Issue date: 1/26/06 Section: Opinion
"I've got one thing to say, get your warden off this gurney and shut up. I am from the island of Barbados. I am the warden of this unit. People are seeing you do this."

- Final statement of Monty Deik, a mentally ill man executed in 2002



Despite the fact that the U.N. has repeatedly adopted resolutions calling for an end to the use of the death penalty for mentally deranged individuals, there is a country that continues to kill prisoners proven to have mental disorders.

Until recently, the country in question even applied the death penalty to mentally retarded inmates, killing 12 individuals over the course of 20 years.

What kind of desolate, third-world backwoods would stoop so low and lack basic compassion? China? Russia? Iran?

Nope, not even close. Then who, pray-tell, could these Napoleonesque barbarians be? Here's a hint: the reason why this country didn't make the usual-suspects list for human rights violations is because, well, ah-hmmm … it's us.

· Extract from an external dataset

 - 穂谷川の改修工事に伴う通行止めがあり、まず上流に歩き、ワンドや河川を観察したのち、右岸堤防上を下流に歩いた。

The lead-in quote for this editorial was found in Amnesty International's Execution of Mentally Ill Offenders report that was published Jan. 31. The source of the quote, Monty Deik, is by no means an anomaly-- one in ten people executed in the United States suffer from a mental illness.

Schizophrenia, disassociative disorder, schizoaffective disorder- you name it, our criminal justice system has more than likely killed someone suffering from it.

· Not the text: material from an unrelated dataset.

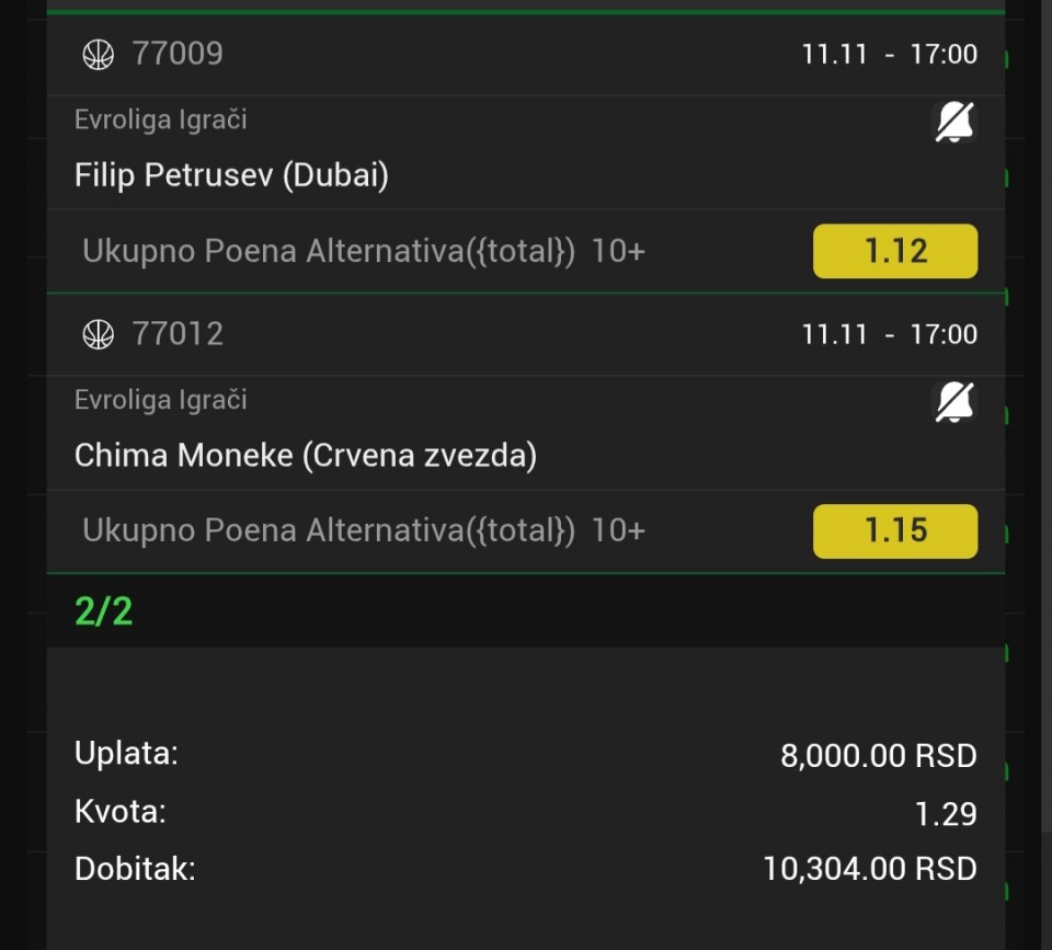Ne praktikujem ovakve tikete vec duze vreme( sitne kvote. Jace uplate). Ponuda losa a viska para na racunu. Doneli mi Slovaci zaradu u proslom postu. Pored ova dva tiketa imam i Mcknley 4.5+ asistencije. Mrsko mi da slikam tiket. Odigrano u...Ne praktikujem ovakve tikete vec duze vreme( sitne kvote. Jace uplate). Ponuda losa a viska para na racunu. Doneli mi Slovaci zaradu u proslom postu. Pored ova dva tiketa imam i Mcknley 4.5+ asistencije. Mrsko mi da slikam tiket. Odigrano u Mozzartu. Zivi tiket. Hteo u socceru a oni digli granu na 5.5 iako jos na app stoji 4.5. Srecno svima. Show more

A majority of the 113-page Amnesty International report is devoted to depressing anecdotes about our criminal justice system's obtuse and apathetic handling of capital punishment cases involving people with mental illnesses.

The following examples are taken directly from the report:

Sean Sellers -- sentenced to death for crimes committed when he was a 16-year-old. He had a history of mental problems from early childhood.

After his trial, a mental health expert found him to be chronically psychotic, exhibiting symptoms of paranoid schizophrenia and other major mood disorders. In 1992, six years after the trial, three mental health professionals diagnosed Sellers with multiple personality disorder.